If your main goal in using SciPy is to do data exploration and analysis or scientific computations, Jupyter provides an ideal interactive environment. Using Jupyter, we can integrate computations, graphs, formatted text, and even more sophisticated media. Essentially, anything that can be inserted in a web page can be handled by Jupyter.
Running SciPy in Jupyter
Getting ready
This recipe assumes that you have a working installation of IPython and Jupyter. If you followed one of the recipes in this chapter to set up Anaconda or a standalone installation of the SciPy stack, you have all you need.
How to do it...
The following steps demonstrate how to start Jupyter and create a new notebook:
- Open a command window on the directory where you want your notebook files stored.
- Start Jupyter by running the following command in the Terminal window:
jupyter notebook
- After a few moments, the notebook will open in your web browser. The notebook starting page is known as the dashboard, and is shown in the following screenshot:
- To create a new notebook, click the New button at the top right and select Python 3 from the menu. The following screenshot shows a newly created notebook:
Code in a notebook is entered in an execution cell, which is surrounded by a green border when active. To get a taste of what working with the Jupyter notebook feels like, click on an execution cell in the notebook and enter the following code:
%matplotlib inline
import numpy as np
import matplotlib.pyplot as plt
With the mouse cursor still in the same execution cell, press Shift + Enter to run the cell. The preceding code displayed the magic %matplotlib inline first to tell Jupyter that we want to display plots in the notebook itself, and the next two lines imported NumPy and pyplot (an interactive plotting library provided by matplotlib).

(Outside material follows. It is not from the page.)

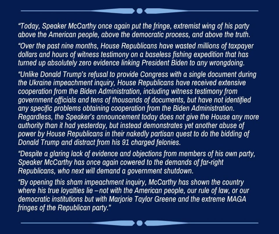 The illegitimate impeachment inquiry launched by Extreme MAGA Republicans is regrettable, reckless and reprehensible.
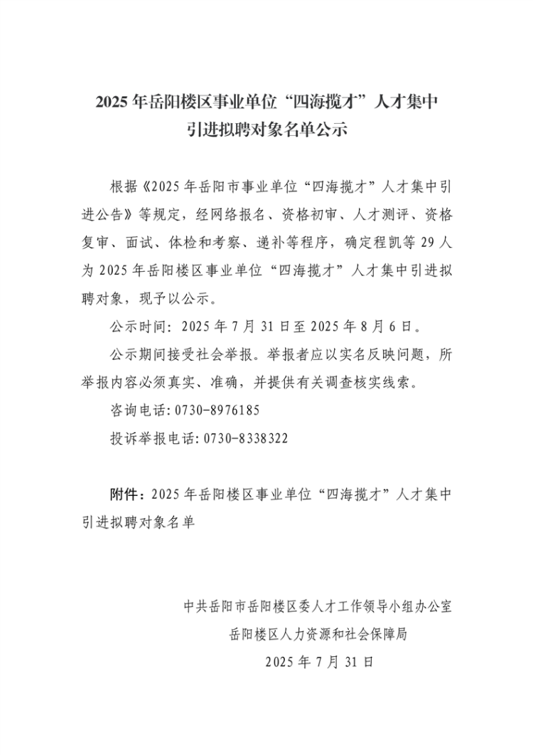 2025年岳阳楼区事业单位”四海揽才“人才集中引进拟聘对象名单公示

After running the cell, the cursor automatically moves to the next cell. Enter the following code in this cell:
from scipy.stats import norm, binom
n, p = 100, 0.5
mean = n * p
sdev = np.sqrt(n * p * (1-p))
sample = np.array([binom.rvs(n, p) for _ in range(1000)])
xvalues = np.linspace(mean-3*sdev, mean+3*sdev, 200)
yvalues = norm.pdf(xvalues, loc=mean, scale=sdev)
hist = plt.hist(sample, normed=True,
color='red', lw=3, ls='dotted', alpha=0.5)
plt.plot(xvalues, yvalues, color='blue', lw=2)
plt.title('Coin toss simulation, $n={}$, $p={:5.2f}$'.format(n, p))
plt.xlabel('Number of heads')
plt.ylabel('Frequency')
None
This code simulates 100 tosses of a fair coin. The simulation is repeated 1,000 times and the results are stored in the array sample. Then a histogram of the results is plotted, together with a normal approximation, according to the central limit theorem. Pressing Shift + Enter to run the cell will produce a plot of the histogram, representing the simulation and the theoretical normal approximation of the distribution of the number of heads in the coin tosses.